The National Retail Federation describes the PRO Act – Protecting the Right to Organize – as “the worst bill in Congress,” which “features a laundry list of more than 30 radical labor provisions that, if enacted, would strip American workers of critical rights and flexible work opportunities while costing the retail industry billions of dollars.” The federation lists 10 reasons why the bill is bad for workers, including ending the ability for individuals to work independently and ending the gig economy.
The bill would eliminate the growing freelance industry, opponents argue, because it implements an ABC test similar to one enacted in California through its controversial AB5 bill, which became law in January 2020. The PRO Act would require workers to fulfill three criteria in order to keep their jobs. They first need to prove they have “absence of control,” meaning they are not under the direct control of their client. Second, they must show the work they perform is outside the course of a client’s usual business.
An IT worker or an accountant who contracts with a newspaper, American For Prosperity notes, would probably fail the absence of control requirement. A videographer who sells his or her own copyrighted work to a newspaper “would most certainly fail the business of the worker requirement,” AFP notes.

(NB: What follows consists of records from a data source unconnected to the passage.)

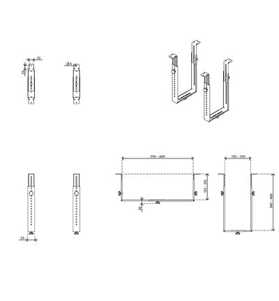 - Max. CPU dimensions: horizontally between 350 - 600 mm wide and 155 - 310 mm high
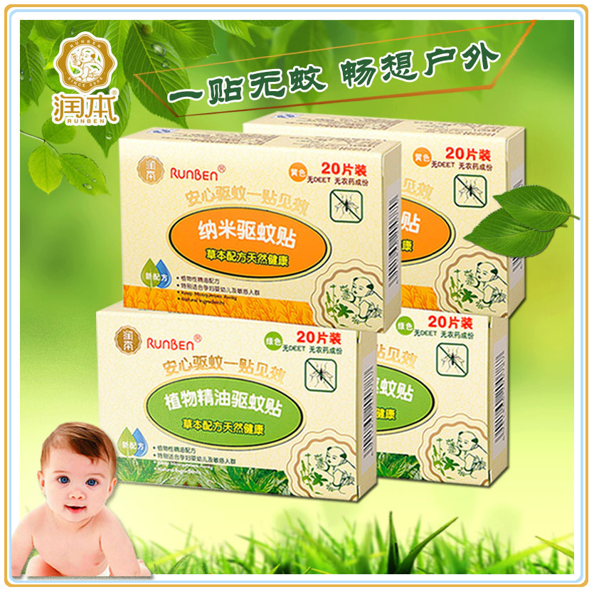 4盒80片润本驱蚊贴婴幼儿童宝宝孕妇防蚊贴卡通植物成人驱蚊贴片
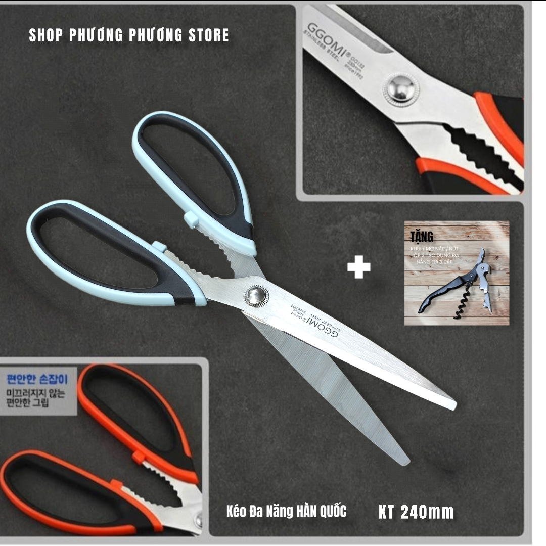 ✨Kéo Hàn Quốc Nhà Bếp Kéo Cắt Gà Cắt Đồ Đa Năng Cao Cấp ( Tặng Khui Hộp 3 in 1 )
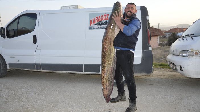 Burdur'da 2 metrelik yayın balığı yakaladı
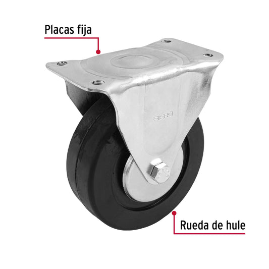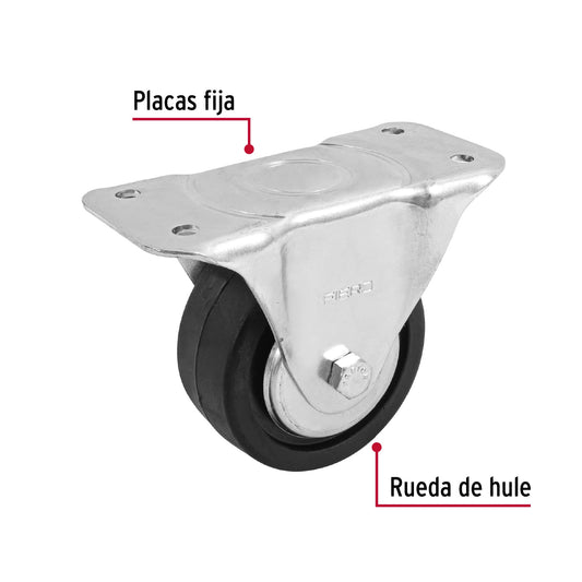 Proveedor:FieroRodaja hule 3', placa fija con buje, carga 90 kg, Fiero Caja con 4, 48599Rueda de hule y placa de acero con acabado galvanizado Sistema de fijación placa fija con buje Amortigua golpes y...
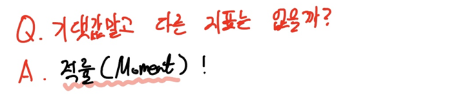 그래서 우리는 이를 위해 적률(Moment)을 사용합니다.
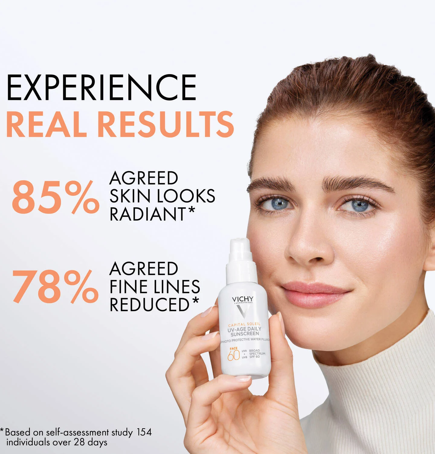 Capital Soleil UV-Age Daily SPF 60 with UVA + UVB protection is your daily defense against visible signs of aging. Our ultra-lightweight, photoprotective water fluid glides seamlessly and is invisible on all skin tones.

The third requirement relates to whether or not the contractor holds a professional license. An optometrist or barber would pass this part of the test, although they would probably fail the second test, AFP notes.
“What’s more, doing all or a majority of work for a single client at a given time can lead to a failure of this part of the test, regardless of whether this is a voluntary choice by an independent contractor,” AFP adds.

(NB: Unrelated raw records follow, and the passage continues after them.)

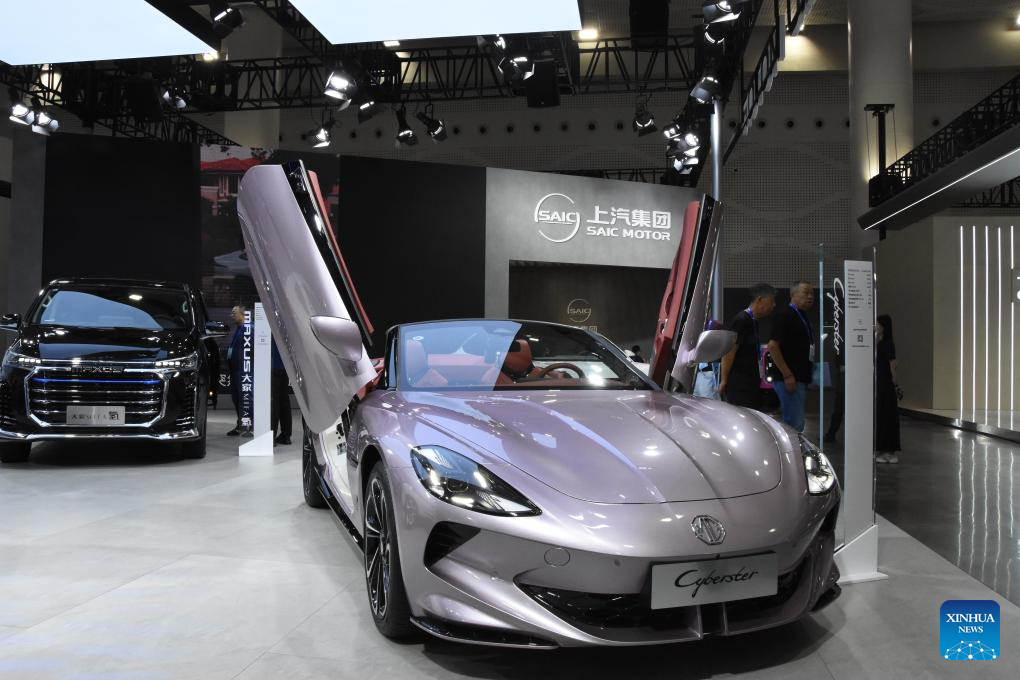 This photo shows a MG Cyberster vehicle of China's car manufacturer SAIC displayed at the 2023 World New Energy Vehicle Congress in Haikou, south China's Hainan Province, Dec. 7, 2023. (Xinhua/Xia Tian)
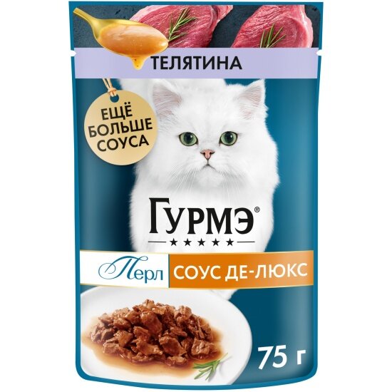 Gourmet Перл Соус Де-Люкс влажный корм для кошек, с телятиной в роскошном соусе, в паучах - 75 г х 26 шт
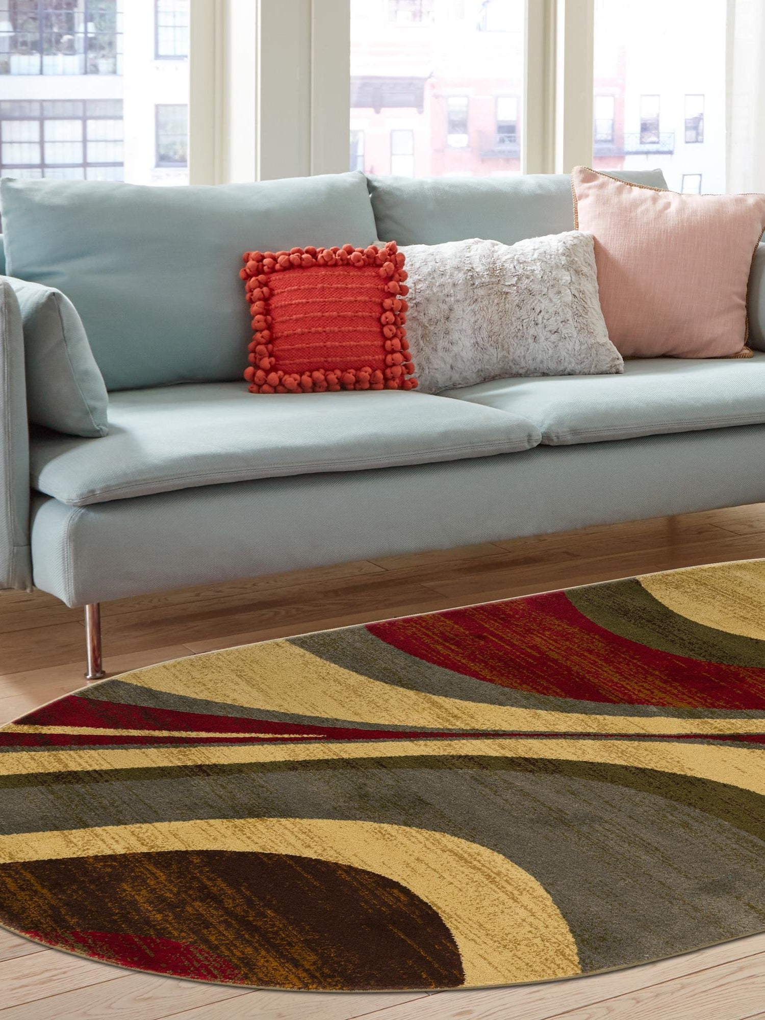 Washable Multicolor 5' x 5' Timeless Round Area Rug Easy to Clean Stain Resistant & Durable

AFP warns that “all independent contractors should be wary of the potential to lose their independent status under this classification test. It is designed to reclassify most workers with flexible work arrangements and place them in traditional employment.”

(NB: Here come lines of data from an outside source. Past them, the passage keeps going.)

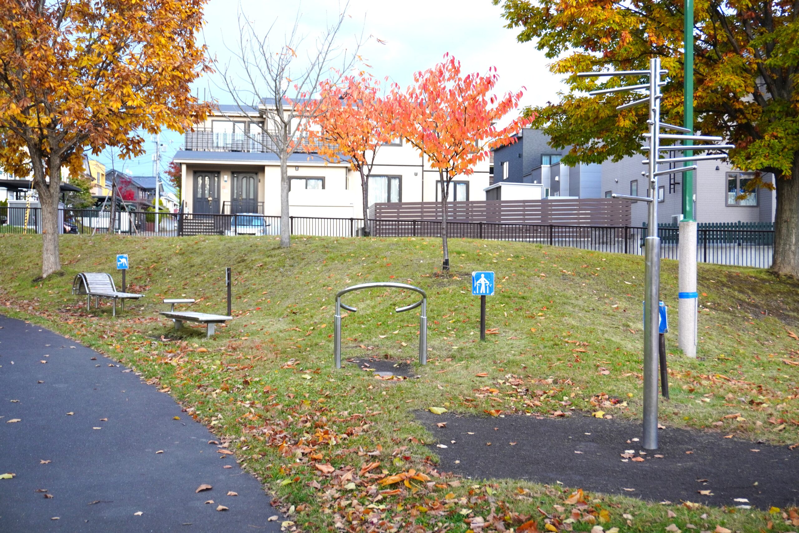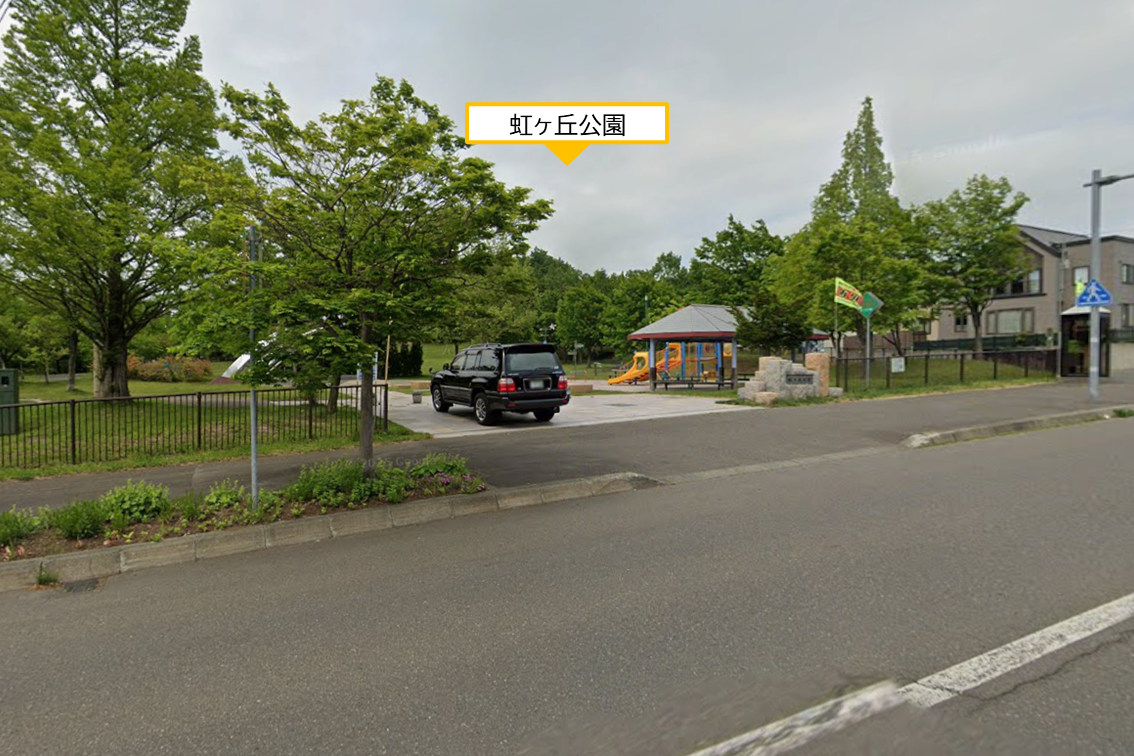 北広島市虹ヶ丘エリアの住宅街の中にある「虹ヶ丘公園」。
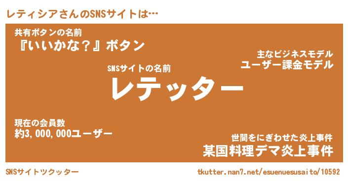 | ファンタジー風あだ名 | 『レテフェル』『エターナルレティシアー』 |
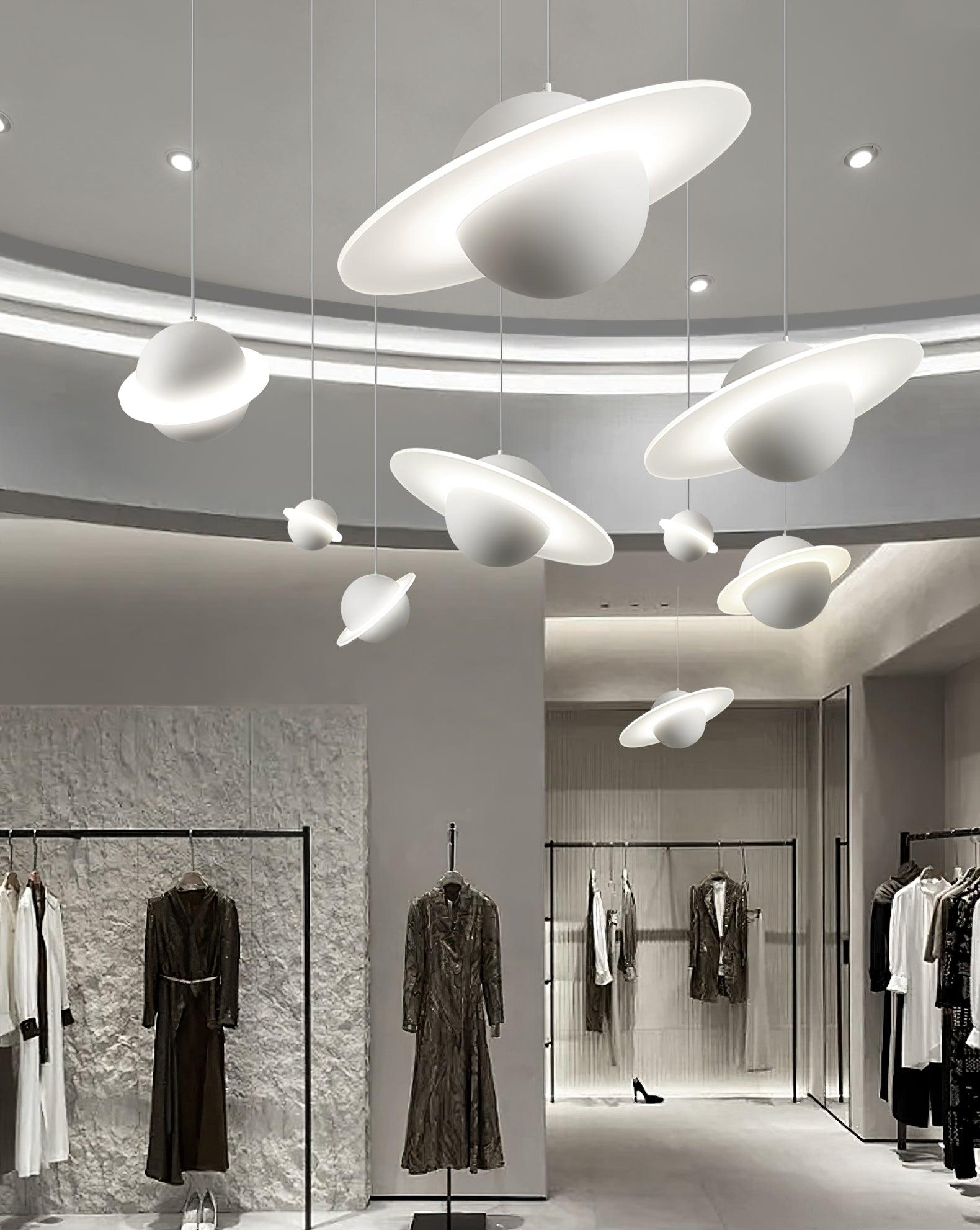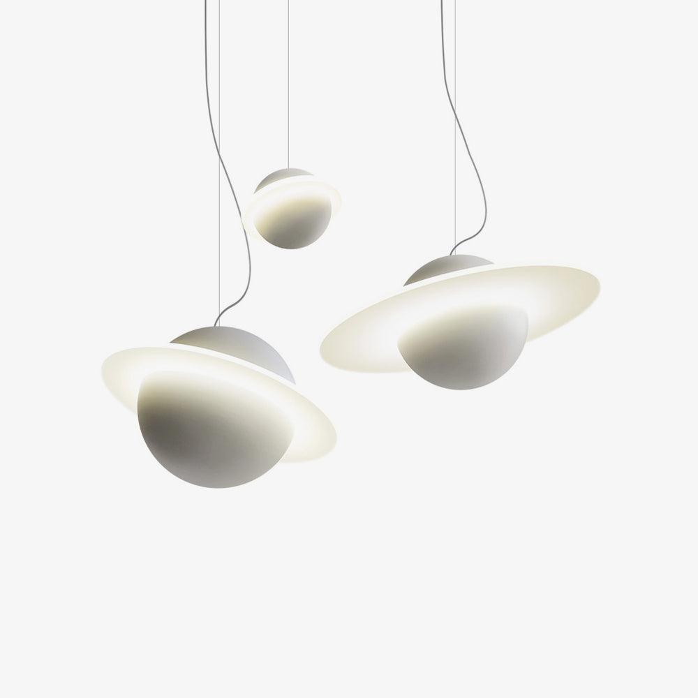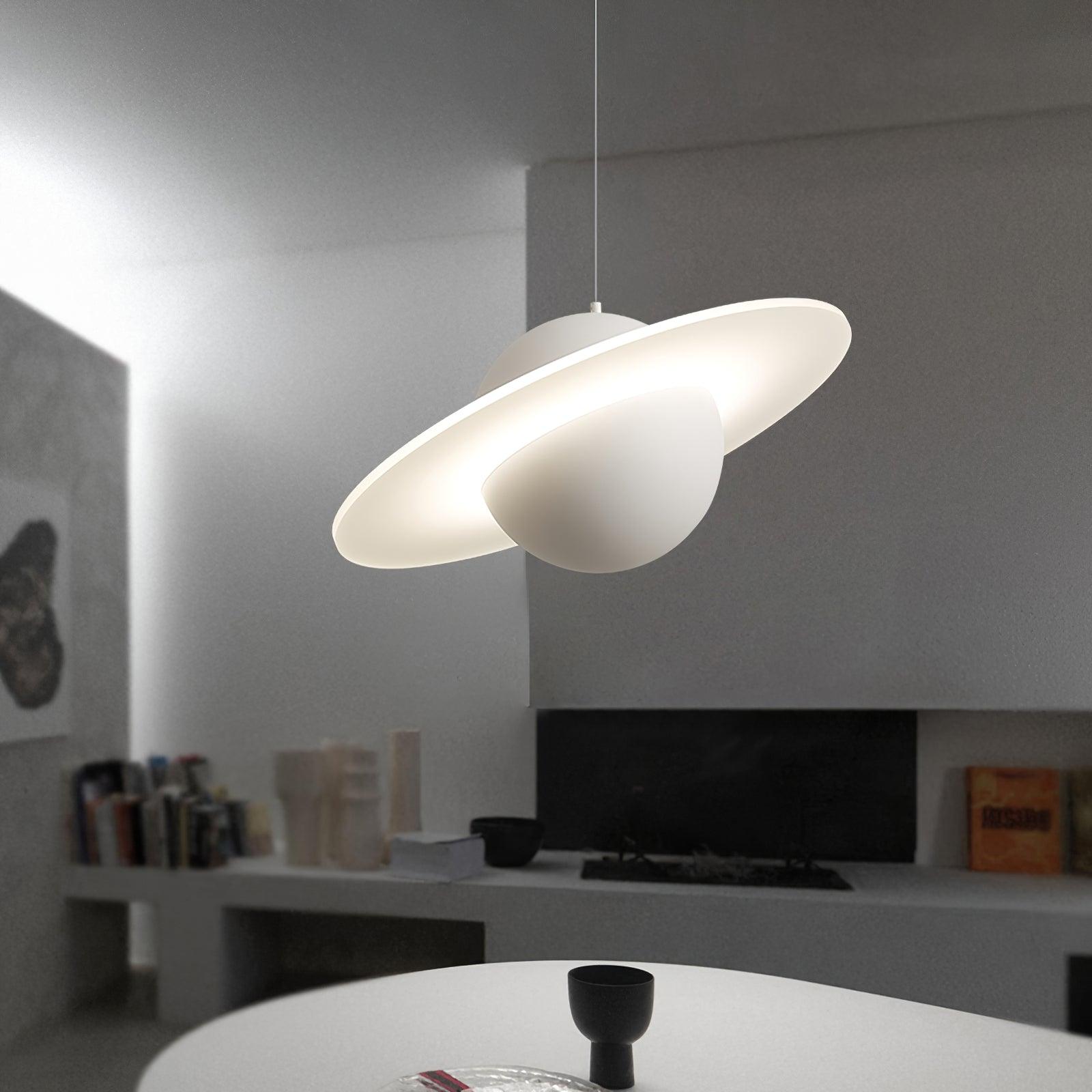 Jupiter Ring -riippuvalaisin on suunniteltu moderneihin tiloihin. Sen rautavarjostin on ympäröity kirkkaalla PVC-renkaalla, mikä luo dynaamisen ja rohkean ilmeen. Tämä myymälämme valmistama kappale lisää varmasti täydellisen modernin ilmeen mihin tahansa sisustukseen.

“A sizable share of workers in the United States remain outside the traditional employment structure and consequently lack many of the protections and benefits that come with being a traditional employee,” the Brookings Institution reports. Proponents of the bill argue freelancers should be required to become full-time employees who receive benefits such as health insurance and paid vacation.
But the ABC test provisions of the PRO Act, AFP Senior Policy Analyst Austen Bannan argues, “would hurt both employers and employees by putting up numerous government roadblocks to the flexible work arrangements both are seeking. Instead of being able to work your own way as an independent contractor, the PRO Act could lead to both government and unions dictating the terms of your employment.”
“Independent contractors contract their services outside the direct control of [clients],” Erica Jedynak, director of economic opportunity at Stand Together, wrote. “[They] include gig economy workers, freelancers, many self-employed entrepreneurs, and workers in diverse professions – from yoga instructors to hair stylists to optometrists.”
Most of these workers would lose their jobs because they are not traditional fulltime employees or would be forced to unionize under the PRO Act. The outcome would mirror what happened in California after AB5 became law on a national scale, critics argue: massive layoffs and loss of work.
According to American Action Forum, employers would lose as much as $12.1 billion per year if the ABC test were implemented nationwide, and tens of millions of independent workers would lose their jobs.
“Any potential good that might be done by the PRO Act would easily be undone by the massive cost to the livelihoods of independent contractors and the businesses who need them,” AFP argues. The nonprofit organization is urging citizens to sign a petition to support independent contractors and to contact their legislators to oppose the bill.
National Right to Work Committee President Mark Mix told The Center Square that the PRO Act is “specifically designed to trample individual worker rights with the single goal of expanding the number of people forced to pay union dues or fees just to get or keep a job.”
He said, “The tens of millions of people who make a living or supplement their income as freelancers and independent contractors are among the legislation’s many targets for forced unionism.” The best thing these 59 million workers can do to protect themselves, Mix says, is to let their representatives in Washington, D.C., know that those who support the bill would be destroying their way of making a living.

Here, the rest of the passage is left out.